Start of DATA FOR THIS TASK
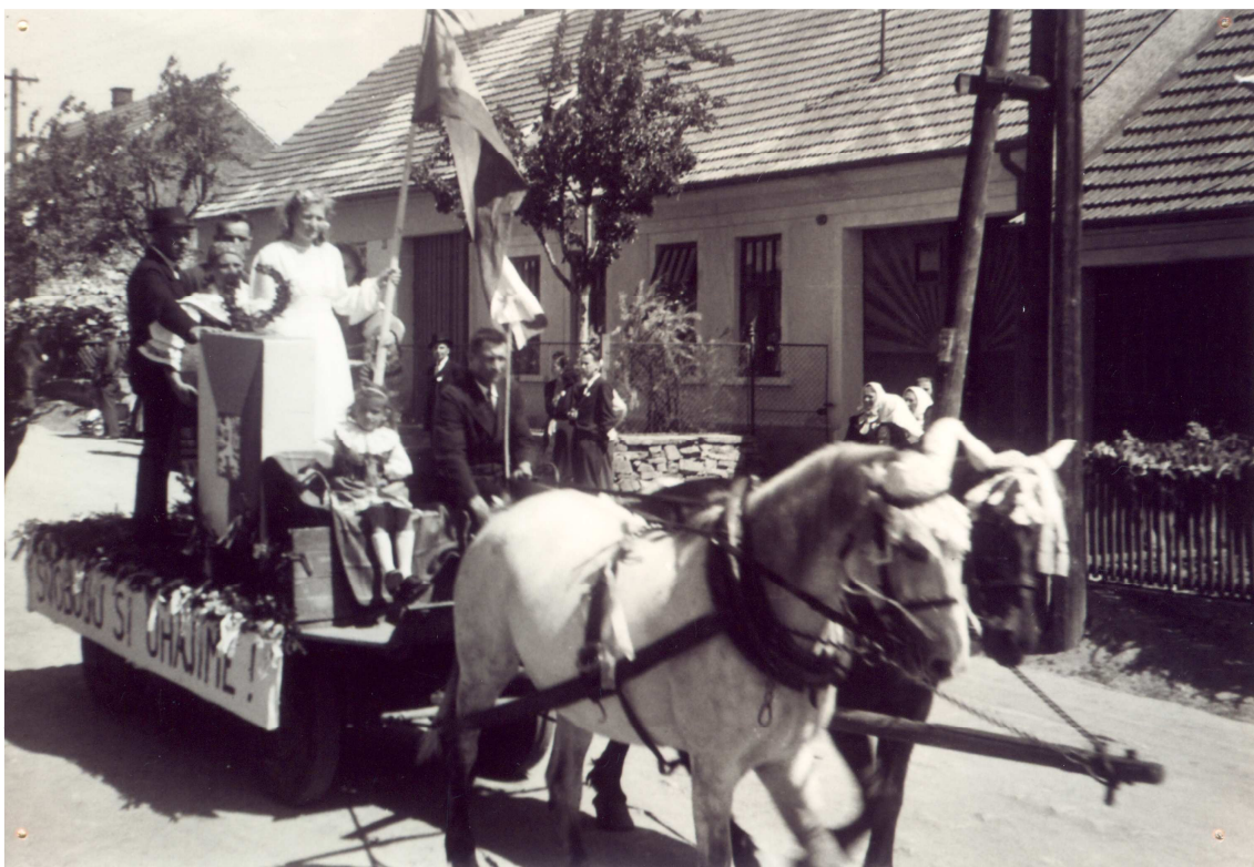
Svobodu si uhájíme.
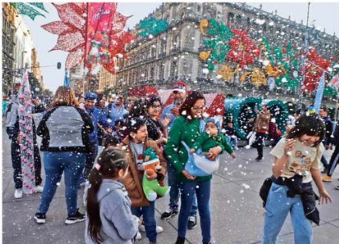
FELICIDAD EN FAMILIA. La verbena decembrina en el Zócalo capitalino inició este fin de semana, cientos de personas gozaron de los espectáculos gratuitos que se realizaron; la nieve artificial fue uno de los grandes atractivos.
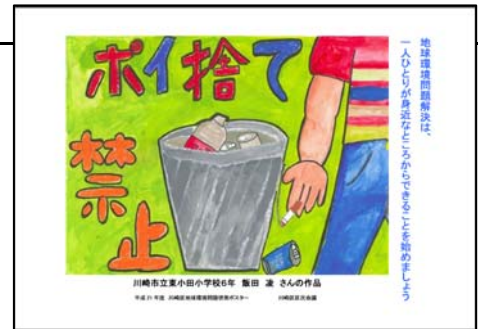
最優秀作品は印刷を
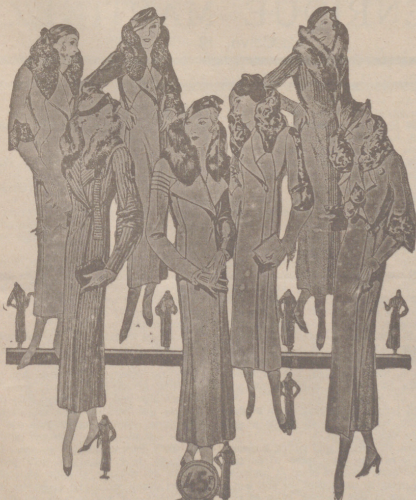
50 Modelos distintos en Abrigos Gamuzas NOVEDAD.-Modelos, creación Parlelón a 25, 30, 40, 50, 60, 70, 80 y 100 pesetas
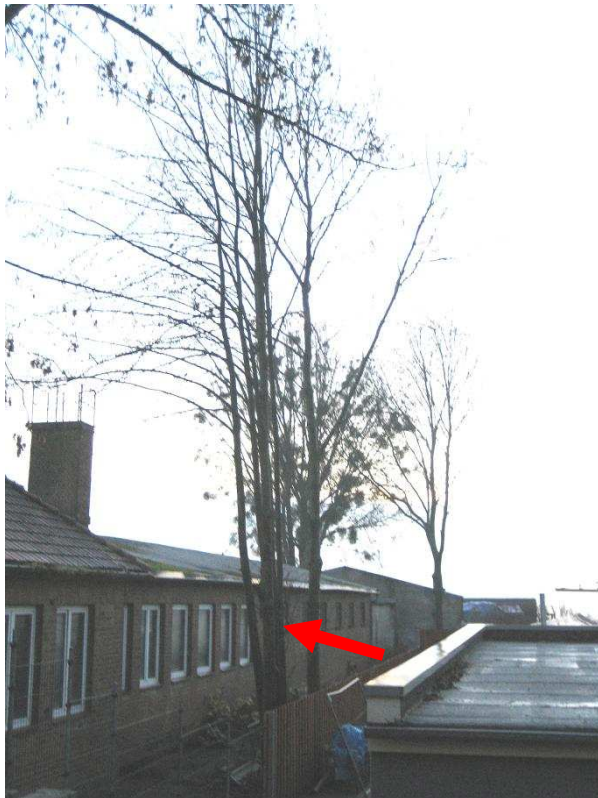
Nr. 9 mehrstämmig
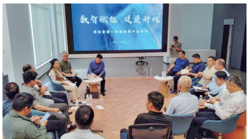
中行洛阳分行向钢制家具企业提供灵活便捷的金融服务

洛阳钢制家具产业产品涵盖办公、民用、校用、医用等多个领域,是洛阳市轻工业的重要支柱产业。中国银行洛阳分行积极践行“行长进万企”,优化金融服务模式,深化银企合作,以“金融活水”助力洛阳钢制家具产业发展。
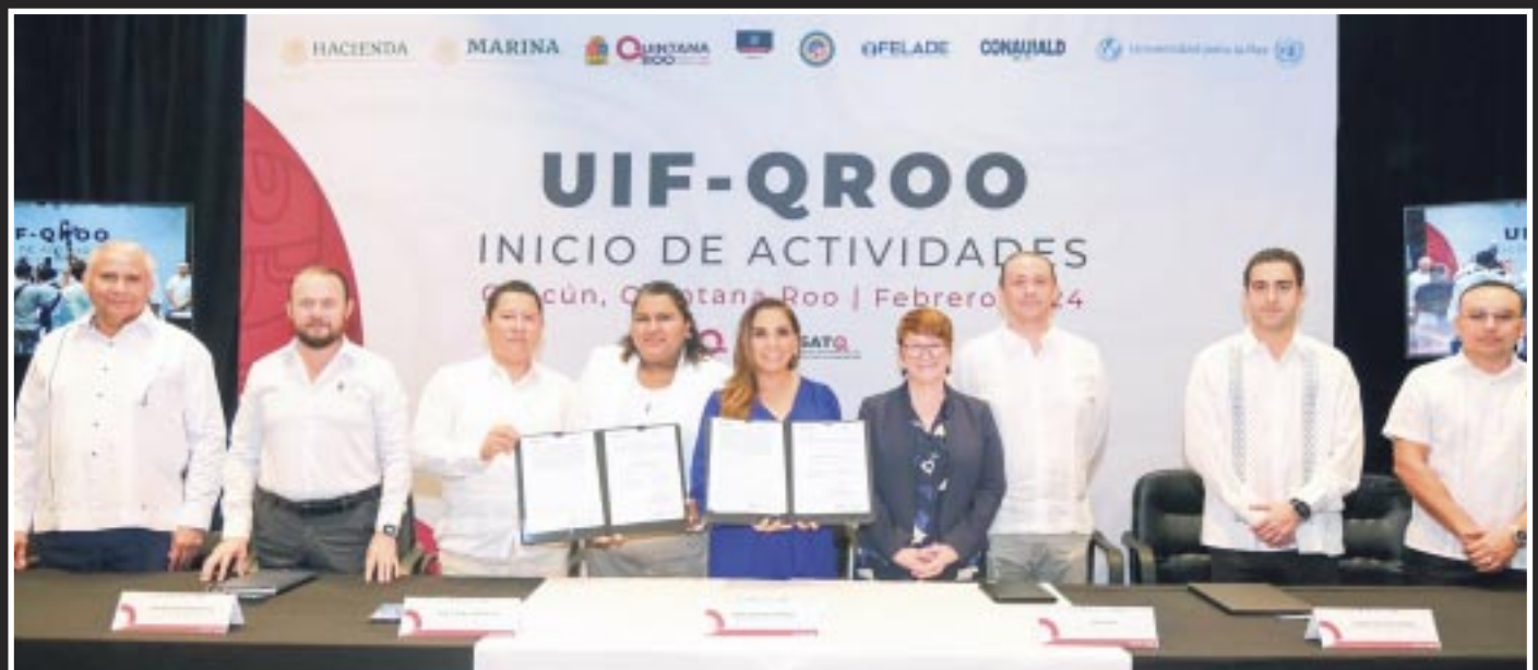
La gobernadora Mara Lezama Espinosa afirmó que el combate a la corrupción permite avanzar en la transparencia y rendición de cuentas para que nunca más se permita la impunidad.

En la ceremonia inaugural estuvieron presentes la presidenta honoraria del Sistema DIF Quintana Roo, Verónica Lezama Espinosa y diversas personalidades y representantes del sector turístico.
End of DATA FOR THIS TASK
> [EXERCISE GOAL] Retype the line containing "La gobernadora Mara" and each line after it through the end of the listing, exactly, leaving out everything else.

> [THE COMPLETED TASK]
La gobernadora Mara Lezama Espinosa afirmó que el combate a la corrupción permite avanzar en la transparencia y rendición de cuentas para que nunca más se permita la impunidad.

En la ceremonia inaugural estuvieron presentes la presidenta honoraria del Sistema DIF Quintana Roo, Verónica Lezama Espinosa y diversas personalidades y representantes del sector turístico.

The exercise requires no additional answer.